JUMP START HTML5 (2014)
Chapter 10 Mutimedia: The track Element
In the last chapter, we discussed how to make your media available to more users with cross-browser techniques. In this chapter, we'll look at how to make it accessible and "index-able", too, with the track element and WebVTT.
HTML5 multimedia comes with three challenges:
1. Lack of accessibility.
2. Lack of "index-ability".
3. Language barriers between the media and the viewer or listener.
Accessibility simply means supporting users with impairments or disabilities as fully as possible. Audible media isn't usable to hearing-impaired users. Visually-impaired users don't see visual media in the same way that fully-sighted users do. HTML5 audio and video present clear challenges for these users.
What's more, search engine software struggles to correctly index binary data, such as audio, video, and images. Even Google's Image Search relies on file names, alt attributes, and surrounding text rather than actual file indexing. By themselves, audio and video files are a bit of an information black hole. Data goes in, but is often difficult to extract and use.
Language barriers are another challenge of HTML5 multimedia. The viewer or listener may not understand, let alone be fluent in the language of the media played. Subtitles within the video can help. However, they aren't readily swappable while editing, viewing, or listening to media. And they too suffer from the indexing problem.

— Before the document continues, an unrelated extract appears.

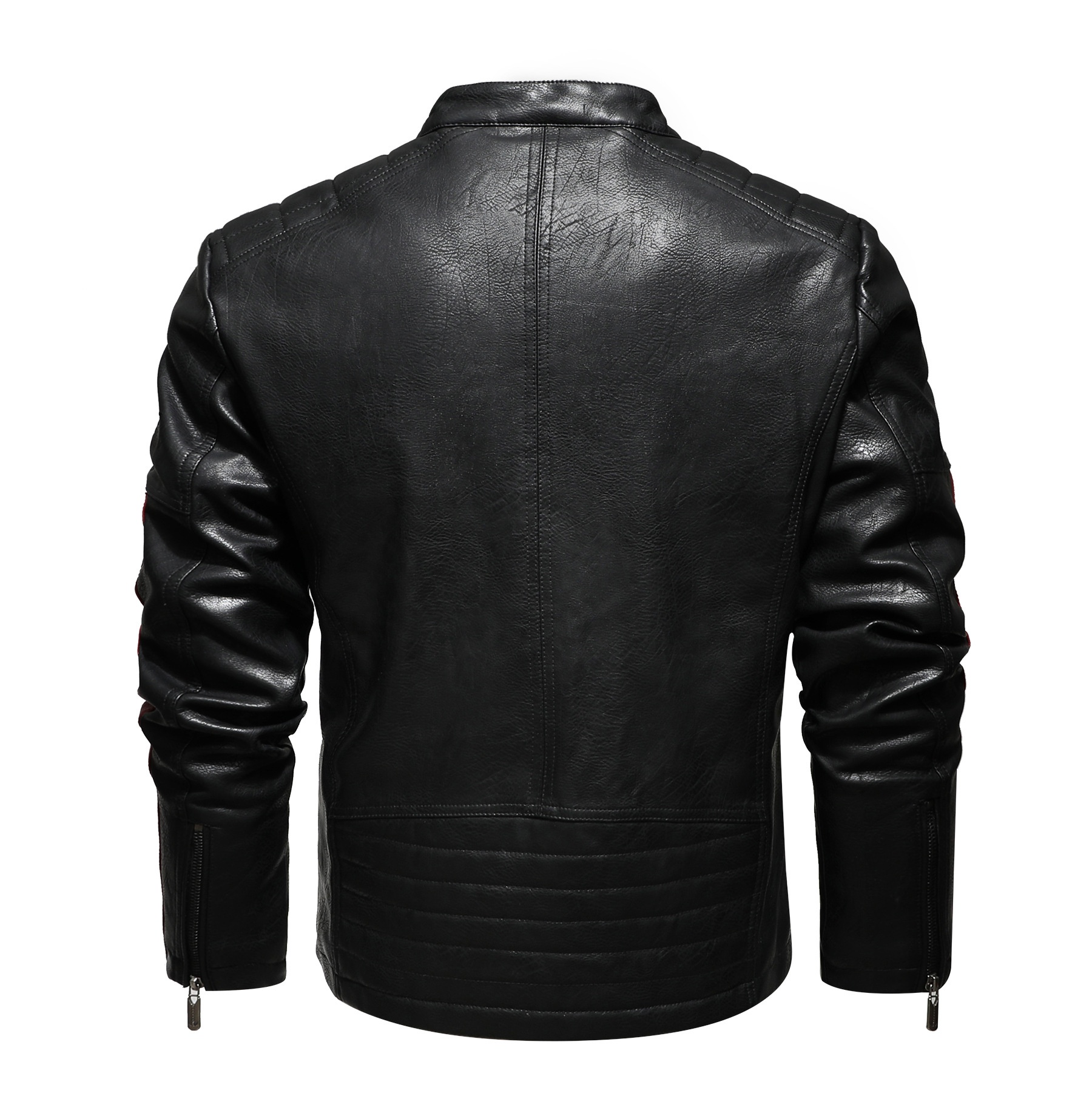The sleek black finish is accented with bold red and white racing stripes on the shoulders and sleeves, adding a touch of sporty elegance to your look. A stand-up collar with snap button closure enhances protection against wind, while multiple front zipper pockets offer both utility and a rugged aesthetic.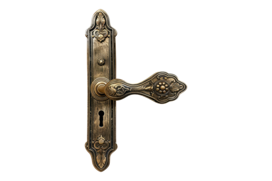 A sleek ornate silver handle gleaming with possibility hinting at undiscovered spaces and on transparent background

HTML5 defines a track element as a way to solve these problems. With it, we can add timed, text-based alternatives—such as subtitles, captions, and metadata—to our media files. In this chapter, we'll look at this element, and a syntax for captions and subtitles known as WebVTT.
The State of track Support
Before we begin, however, let's talk about browser support. The <track> element is at least partly supported by Internet Explorer 10+, Chrome 16+, Safari 6+, and Opera 16+. However, its utility is limited in some of those browsers.
Safari 6.0.5 for OS X doesn't actually make captions or subtitles available to the user, though the scripting interface is partially available. Captions are visible, however, in Safari 7. (In iOS 7, they're only available when the video is in full-screen mode.)
Opera 16+ for desktop supports track, but Opera for Android does not. On Android, Opera passes video handling off to the operating system's software. Rather than playing video in the browser, it launches an external application, making captions irrelevant. Opera's new Coast browser for iOS behaves similarly, using that platform's built-in video handling.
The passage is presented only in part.